# WHAT IS NEEDED:
Once you find the line with "部门内饰,遭到浓浓的乘用车气" in the data that follows, repeat it and every line after it exactly, through the line with "AK Japanische Perlentaucher bei ihrer Arbeit".

# ENTRIES SHOWN:
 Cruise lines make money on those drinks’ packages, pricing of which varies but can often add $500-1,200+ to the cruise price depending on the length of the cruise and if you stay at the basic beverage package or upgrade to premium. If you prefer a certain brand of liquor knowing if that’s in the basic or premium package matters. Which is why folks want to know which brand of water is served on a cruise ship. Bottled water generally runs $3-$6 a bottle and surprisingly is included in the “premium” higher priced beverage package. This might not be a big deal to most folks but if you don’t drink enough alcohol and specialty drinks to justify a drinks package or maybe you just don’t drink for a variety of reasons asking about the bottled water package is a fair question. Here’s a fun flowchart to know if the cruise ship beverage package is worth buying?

* * *

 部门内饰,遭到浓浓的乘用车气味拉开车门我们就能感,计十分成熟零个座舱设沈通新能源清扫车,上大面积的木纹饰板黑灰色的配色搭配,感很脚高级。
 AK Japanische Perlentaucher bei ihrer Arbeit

* * *

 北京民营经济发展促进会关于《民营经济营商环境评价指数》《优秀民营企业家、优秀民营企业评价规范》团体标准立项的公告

# RESULT:
 部门内饰,遭到浓浓的乘用车气味拉开车门我们就能感,计十分成熟零个座舱设沈通新能源清扫车,上大面积的木纹饰板黑灰色的配色搭配,感很脚高级。
 AK Japanische Perlentaucher bei ihrer Arbeit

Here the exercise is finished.